UKPLab / sentence-transformers

State-of-the-Art Text Embeddings
https://www.sbert.net
Apache License 2.0
15.12k stars 2.46k forks source link

Abbreviation and Synonym #1397

Open Threepointone4 opened 2 years ago

Threepointone4 commented 2 years ago

What : How to support domain specific Abbreviation and Synonym when using a sentence transformer embedding model ?

Fine tuning would be one method, If yes then Can anyone tell what will be the best approach to go and if any other quick work around is there, that would really helpful.

nreimers commented 2 years ago

We are currently working on this, but it is in early research stage so I would expect to take 3-6 months before we have a good solution here.

Until then the best way would to have structured data on your domain like Question-Answer pairs.

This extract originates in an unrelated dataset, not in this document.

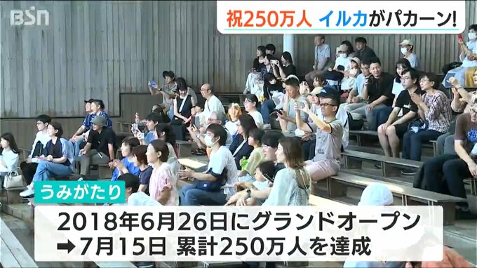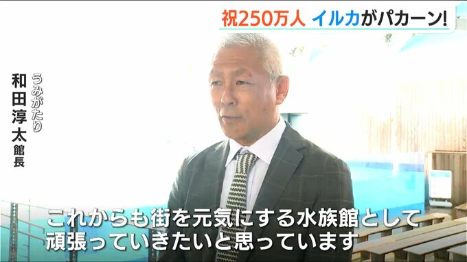 上越市の水族博物館「うみがたり」は今月15日に来館者250万人を達成し18日、記念のセレモニーが行われました。
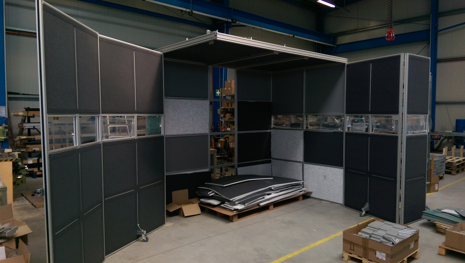 Ob zur Abschirmung lärmintensiver Maschinen oder zur Schaffung von ruhigen Zonen – unsere Schallschutzeinhausungen bieten eine effiziente Lösung für unterschiedlichste industrielle Anforderungen.

Otherwise you can have a look at: https://arxiv.org/abs/2112.07577

For unsupervised domain adaptation.

When you have a list of synonyms, you can create text pairs my manually replacing the words and training on itself, i.e. you have pairs like: ("This is my example", "This is my expl")

If expl is an abbreviation for example

Threepointone4 commented 2 years ago

Understood. Thanks will try this also and let you know. One more option which i was trying converting everything into full form both in indexing and query time. Eg: what is IOT? -> what is internet of things? this will happen both in indexing and query time.

Bogdan1001 commented 1 year ago

Hey, do you've any updates about this? Is the solution been delivered?